Write out exactly the lines below starting at the one containing "作品の仕上げ研磨として効果の" and ending at the one containing "Eftir heimsóknina í". Omit every picture.

Supplied data Block Start

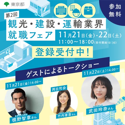 インバウンド需要の拡大や国際的なイベント開催、生活様式の変化などに貢献し、東京の暮らしや経済を支え、成長を続ける「観光・建設・運輸」業界の求人企業が集まる就職イベントです。
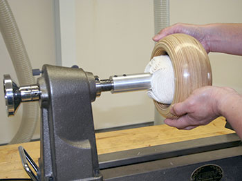 作品の仕上げ研磨として効果の大きいバフ作業(バフィング)、木工旋盤でこの作業をできるのが、このBEALL ボウルバフキットです。
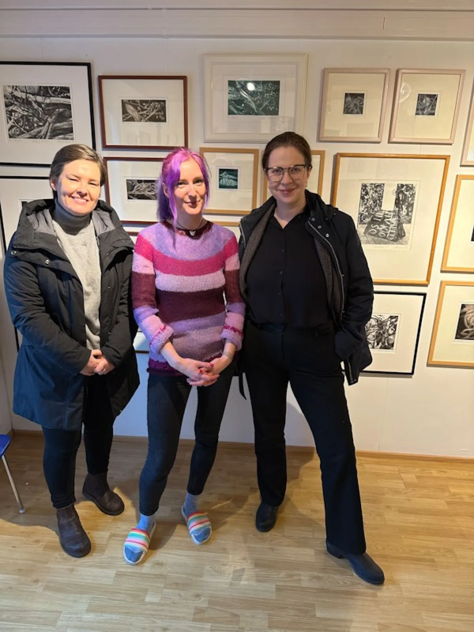 Eftir heimsóknina í Breiðdals- og Stöðvarfjarðaskóla var haldið yfir í Gallerí Snærós, en þar tók á móti okkur Rósa Valtingojer. Þess má geta að galleríið verður 35 ára, 6. desember næstkomandi og er eitt elsta gallerí á landsbyggðinni. Að Gallerí Snærós standa listakonurnar og mæðgurnar Sólrún Friðriksdóttir og Rósa Valtingojer. Galleríið hefur verið starfandi frá árinu 1988, í fyrstu á vegum Sólrúnar og eiginmanns hennar Ríkharðs Valtingojer, listamanns og grafíker en hann lést árið 2019.
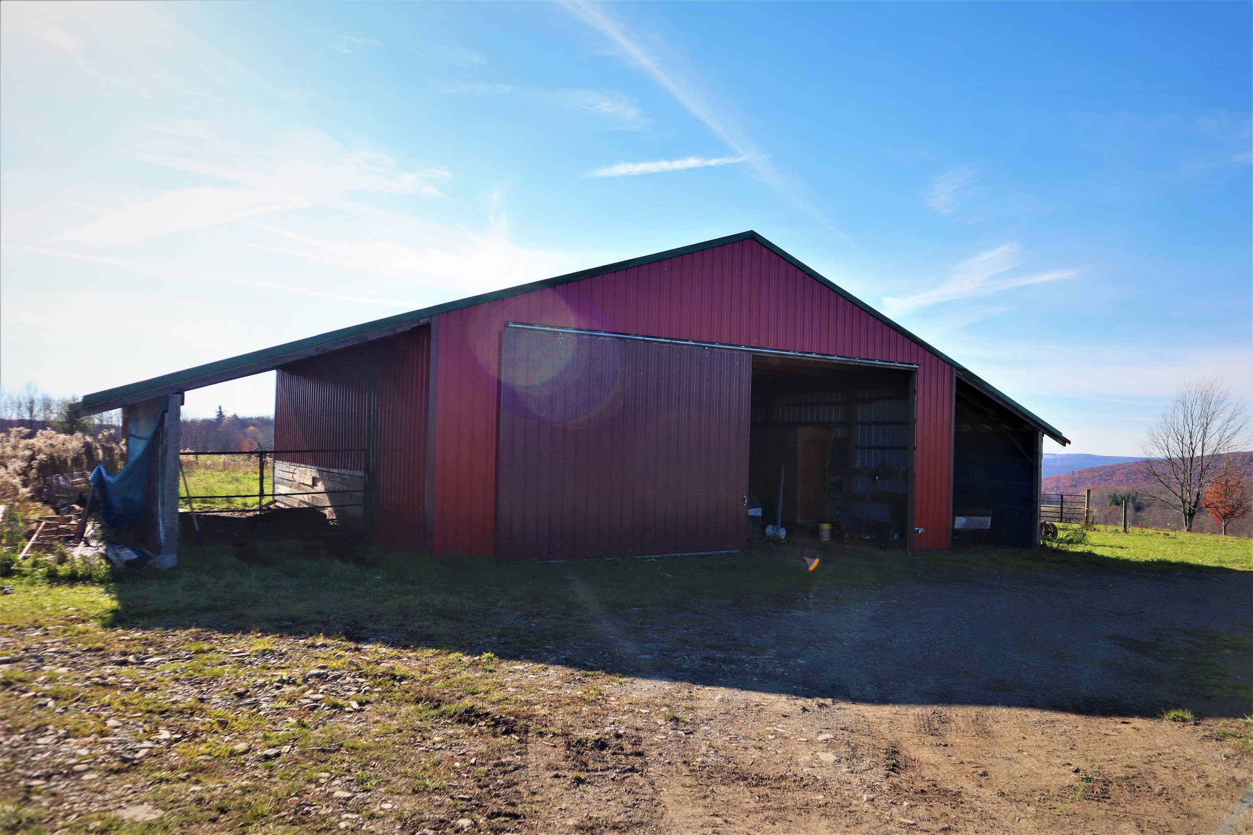 We are pleased to present his beautiful Timber frame ranch with spectacular views on acreage in Scio, NY. From the mountain top, you can see as far as you can see over rolling hills and valleys with no obstructions from cell towers or windmills in your view in any direction. Custom built with country living in mind, this open concept home is a model of the ranching lifestyle and a place where your troubles just melt away when you come home to your retreat on the mountain top. The complex joints and heavy caber construction are amazing with a great blend of wood, metal, and modern accents of texture that blends perfectly in over 1560 sqft of living space. This two-bedroom also has a loft that can be an office or made into a third bedroom, while the attached garage can be expanded into another living space of over 660 sqft of the bonus room, perfect for a man cave, a media room, or entertainment room with a bar already in place to watch football games. The master suite has a large walk-in closet and ensuite large bathroom with a river stone shower. The second bedroom additionally has its own walk-in closet. The main floor laundry is central to the Ranch, while the open concept kitchen is complimented with a large walk-in pantry. The huge Kitchen has a 4'x4' island and a bonus of 15 feet of counter space with a built-in glass range and drawer dishwasher that is barely noticed with custom facings. A central feature of the kitchen is a beautiful hammered copper double sink and matching faucet. The living room boasts 16' vaulted ceilings and faces west southwest with three large windows to let light in and bathe the room with evening sunsets, while the dining room has a French door compliment facing the same direction, ready for a walkout deck to enjoy an afternoon iced tea, or to enjoy the gentle summer the breeze. Outside, the property has two outbuildings as part of the hilltop retreat. The first is a garage/shop with a fully operational commercial meat coolers. The second is a garage/barn with two lean-tos for housing your ATV, recreational equipment, a camper, or heavy equipment. Priced well to sell, Check this mountain top retreat out! Timber frame ranch 1560 sqft (2017)-16' vaulted ceilings - French doors (walkout) - Spectacular mountain views - Open concept - Pastures (41 acres) - Mixed hardwoods - Garage/Barn 40' x 40' with two lean-to's - Garage/shop 24' x 40' (2014) - Ponds - Kitchen 15' x 20' - Dining 15'9 x 9'1 - Pantry 11' x 5'7 - Living room 22'7 x 12'10 - Bedroom 1 14'5 x 11'10 - Walk-in closet 11'11 x 7'1 - Bedroom 2 13'6 x 11'2 - Loft/office 19'3 x 11'6 - Bathroom 11'6 x 6'10 - Garage 29' x 23' - Scio central schools - GMO's to convey - Propane heat - Woodstove - Taxes $5,209 (2021) - 1,745 ft Road frontage - 2.1 miles NE of Scio, NY - 5.8 miles SE of Belmont, NY - 5.9 miles North of Wellsville, NY - 1.6 miles South of Plumb Bottom State Forest (1,666 acres) - 3.2 miles West of Vandermark State Forest (2,384 acres)
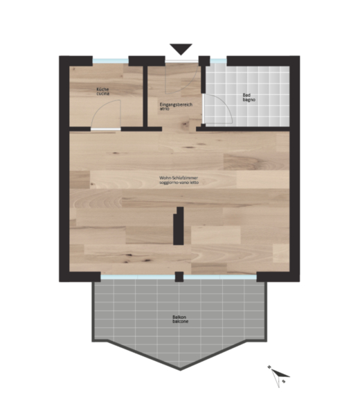 L'appartamento si trova all'ultimo piano e offre un invitante ingresso, un luminoso soggiorno/camera da letto, un pratico angolo cottura e un bagno. Il punto forte è l'ampio balcone con tanto sole e una bella vista.
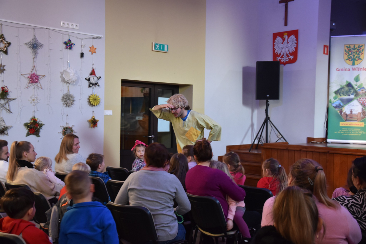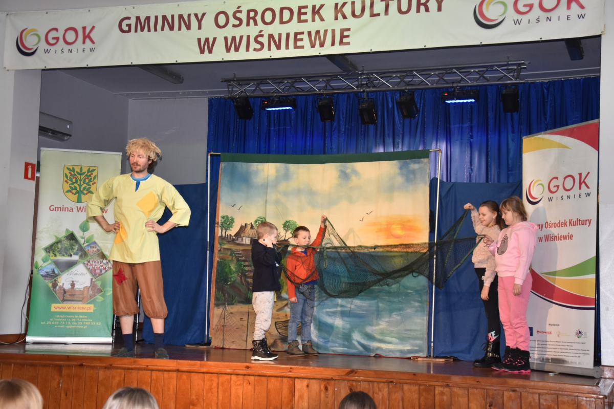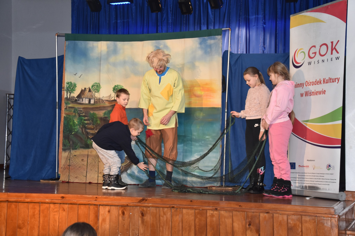 20.01.2026 w Gminnym Ośrodku Kultury odbył się interaktywny spektakl Studia Teatralnego KRAK-ART pt. „Złota Rybka”. Młoda publiczność z dziecięcym entuzjazmem brała udział w przedstawieniu, niektórzy mieli nawet okazję sprawdzić się w roli rybaków i zarzucić prawdziwą sieć rybacką a następnie przemienić się w kolorowe rybki! Nie zabrakło też wspólnego zdjęcia na scenie, które było pięknym zakończeniem tego wyjątkowego spotkania. Dziękujemy artystom oraz wszystkim uczestnikom za radosną atmosferę i wspólnie spędzony czas. Do zobaczenia na kolejnych wydarzeniach!
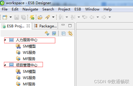 在ESB设计器中创建两个应用,将“人力服务中心”作为原工程,“项目管理中心”作为目标工程,创建完成之后部署两个应用。
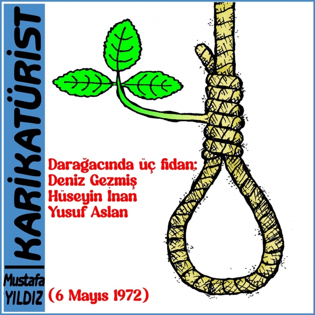 Türkiye’nin demokrasi mücadelesinde sembolleşen üç isim, Deniz Gezmiş, Hüseyin İnan ve Yusuf Aslan, idam edilişlerinin 53. yılında anılıyor. 6 Mayıs 1972 sabahı Ankara Merkez Cezaevi’nde darağacına gönderilen bu üç genç, Türkiye’de devrimci hareketin sembol isimleri haline geldi. Görsel sanatçı Mustafa Yıldız’ın çizimiyle sembolleşen “üç fidan”, halkın belleğinde bir umut ve direniş simgesi olarak yaşamaya devam ediyor. Karikatürde yer alan yeşeren filiz, darağacına rağmen yeşeren umudu simgeliyor. Onların inandığı eşitlik, özgürlük ve bağımsızlık idealleri hâlâ Türkiye gençliğinin hafızasında canlılığını koruyor. KARİKATÜR
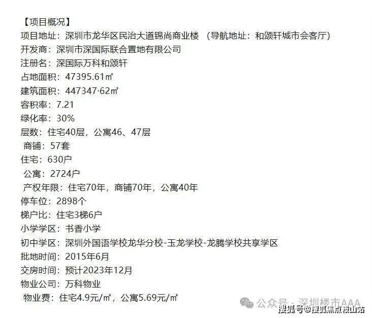 深国际万科和风轩属于龙华梅林关旧改项目,项目位于龙华区民治大道COCO city旁,总占地面积约9.6万㎡,计容建面约49万㎡。涵盖约24.6万㎡住宅(含保障房)、11.2万㎡公寓、7.8万㎡办公和3.5万㎡商业等于一体的商住综合体。
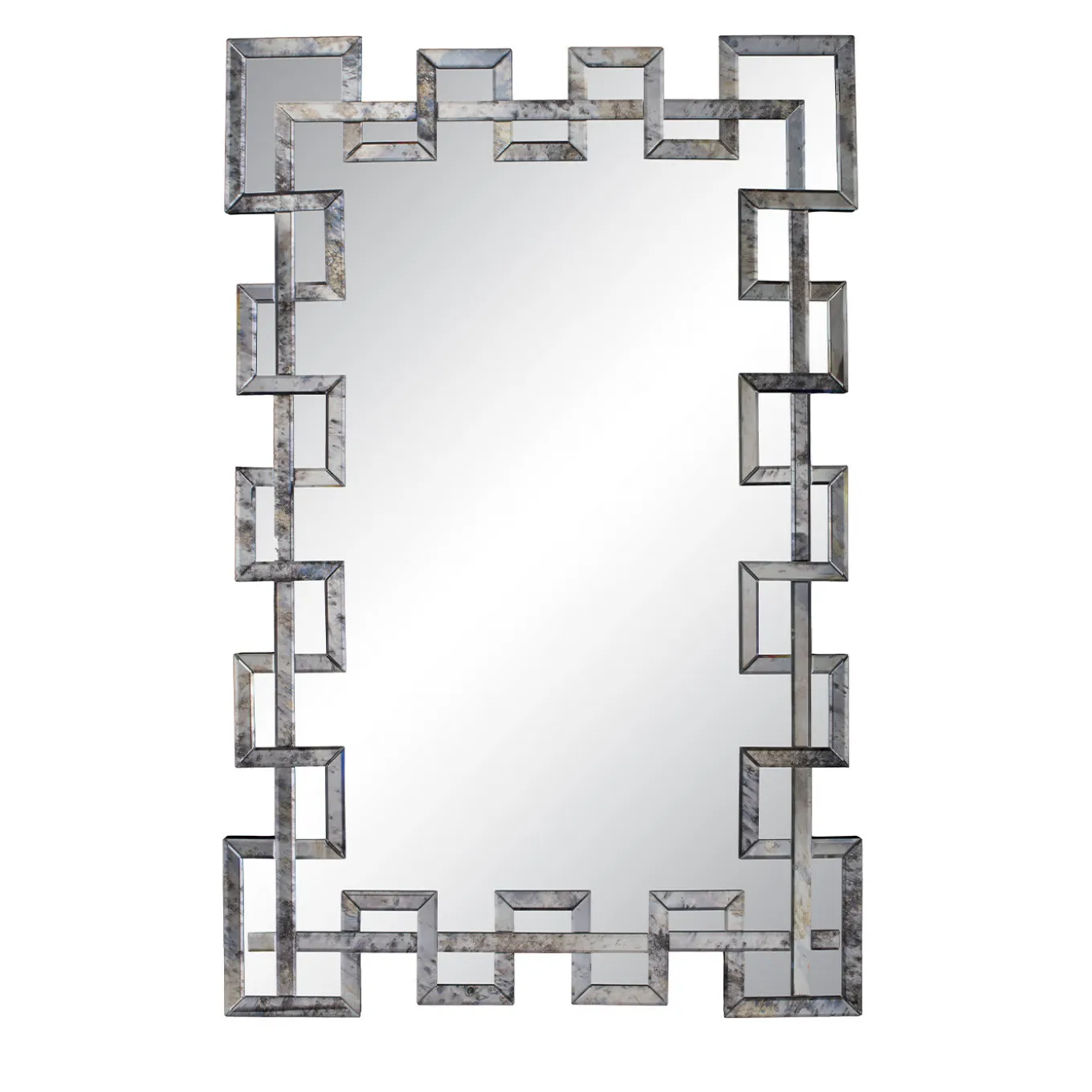 Venice shows its modern side in the Calle Intarsio Wall Mirror. Available in a variety of sizes and color combinations, the wall mirror features a painted wood frame with tiny pieces of distressed glass, expertly placed together in a geometric design.
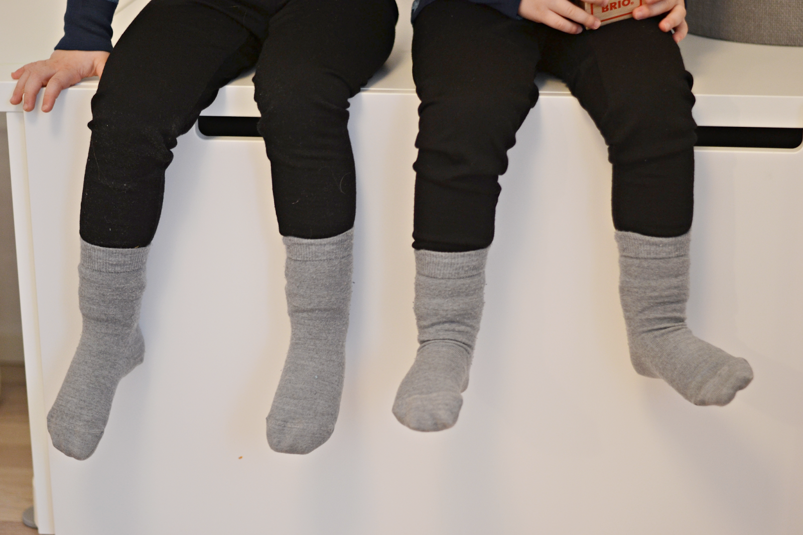 Kaikki lähtee aluspukeutumisesta. Ihoa vasten villaa, mieluiten merinoa, se kun ei kutita. Kuvissa lapsilla on päällä Lindexin paidat, Name itin leggarit ja Polarn o Pyretin sukat. Kaikki sukkia lukuunottamatta joulun alennusmyynneistä puoleen hintaan. Tälle kaudelle lapsille on kahdet setit, toinen kun on helposti pesussa tai muuten vaan teillä tietämättömillä. Toiset housut on Popilta ja ne on kyllä myöskin olleet laadultaan hyvät, sukissa vähän harmittaa nopea nukkaantuminen, en tiedä johtuuko meillä pesutavoista vai mistä, mutta varsinkin raitasukat veti nukalle ihan heti.

Supplied data Block End

**Task response:**
 作品の仕上げ研磨として効果の大きいバフ作業(バフィング)、木工旋盤でこの作業をできるのが、このBEALL ボウルバフキットです。
 Eftir heimsóknina í Breiðdals- og Stöðvarfjarðaskóla var haldið yfir í Gallerí Snærós, en þar tók á móti okkur Rósa Valtingojer. Þess má geta að galleríið verður 35 ára, 6. desember næstkomandi og er eitt elsta gallerí á landsbyggðinni. Að Gallerí Snærós standa listakonurnar og mæðgurnar Sólrún Friðriksdóttir og Rósa Valtingojer. Galleríið hefur verið starfandi frá árinu 1988, í fyrstu á vegum Sólrúnar og eiginmanns hennar Ríkharðs Valtingojer, listamanns og grafíker en hann lést árið 2019.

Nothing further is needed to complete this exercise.